Shery Ahn: So, Jennifer, another a huge effort from the Business Council of Australia has been when it comes to your climate targets. I understand that your newest policy paper is calling for a doubling of Australia's efforts to slash carbon pollution. Tell us a little bit about the main objectives here and how you're coordinating also with the government that has off course been heavily criticized over their climate goals.
Jennifer: Yeah. A really important piece of work we released last week. Our objective has always been to get to net zero by 2050, the question has always been how. What we released last week is a plan for how to get there. How to get there by driving better coordination to signal investment, by bringing forward earlier action and that means a greater level of ambition in that 2030 target. A plan to bring forward the commercially viable, easier to do emissions reductions, but to also start sending the signal to drive investment in those harder to abate sectors. We've got a big plan for how we make sure that regional Australia gets the lions’ share of new opportunities and new growth. We've called for a very, very careful re-look at the offset markets to create a credible, deep, liquid offset market, because you can't get to total zero, you've got to get to net zero.
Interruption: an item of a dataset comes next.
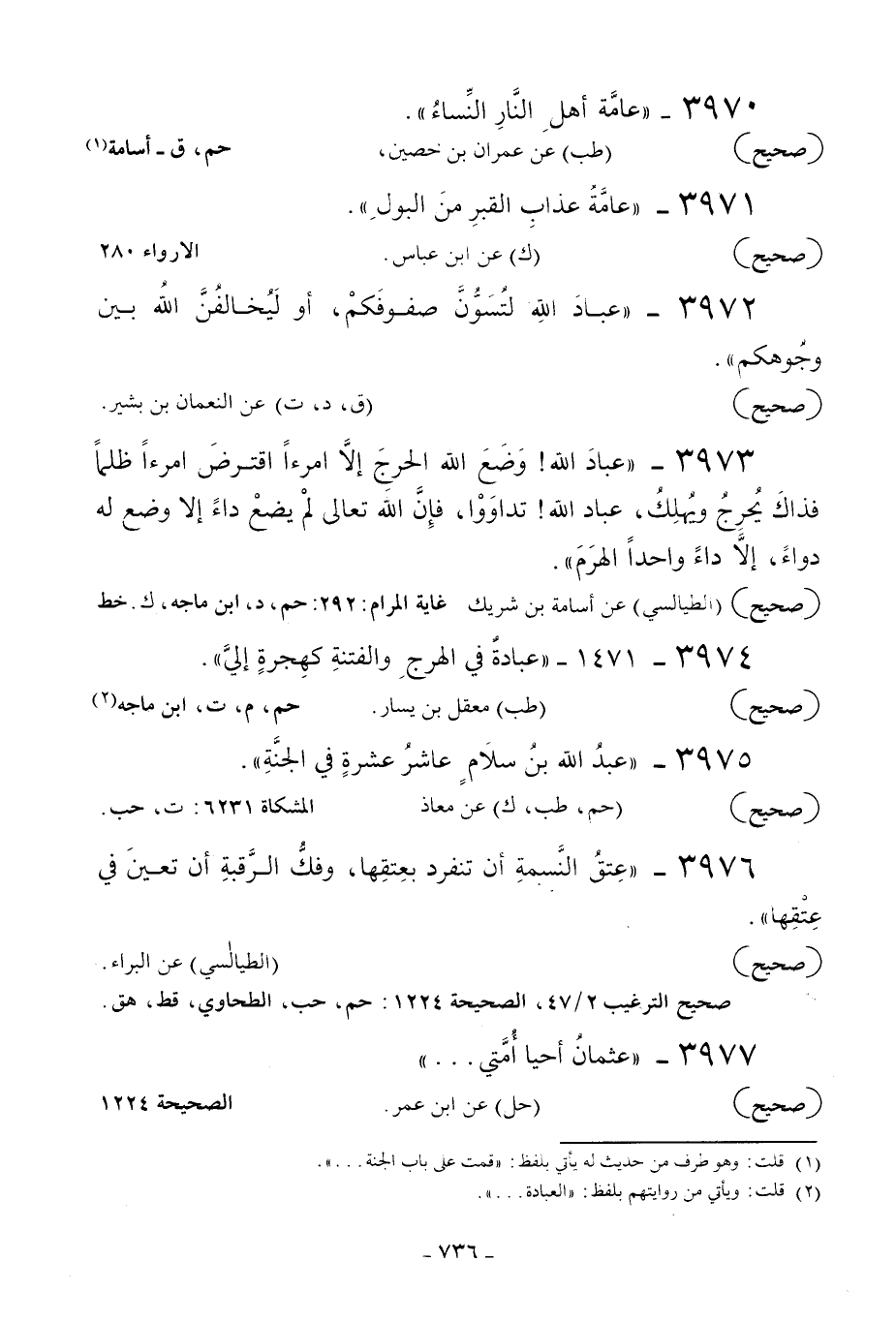3972 - «عباد الله لتسون صفوفكم أو ليخالفن الله بين وجوهكم» .

We've called to continue work on adaptation. We've called for setting carbon budgets over 10 years so that business can see the cycles. And we've called for a continued focus on technology. Our plan is very much using government architecture, which is actually very good, to say if we do a bit here and we do a bit there, we can bring forward those easy to abate sectors and send the signal for the harder to abate sectors to drive that investment. We believe this is workable, it's ambitious, but it's an achievable plan.
Haidi-Stroud Watts: One of the government's major issues with taking stronger action on climate change is how that transition is going to hit jobs, workers and the Australian people, right? Given that you represent so many of these major employers, the most powerful companies like the big miners, like Wesfarmers, is there a plan to be able to decarbonise quickly enough, but also preserve that labour market element?
Jennifer: Absolutely. I think the big mistake is to assume that by doing nothing nothing is going to happen. Things will happen, I mean the capital market, as you know, are moving very fast in this direction. Business is taking action, whether it's the big miners, bp, Shell, they're taking action to reduce the emissions intensity to get to that net zero. And there's also a huge opportunity here, whether it's in hydrogen or whether it's in green steel, whether it's in the minerals that are going to be needed to power up a battery economy, whether it's in pumped hydro. There are huge opportunities for companies, for regional communities, the challenge is to get those opportunities now, to get in early and make sure Australia gets the lion's share of those.
Haidi-Stroud Watts: Jennifer really great to have you with us. And we appreciate your time this morning.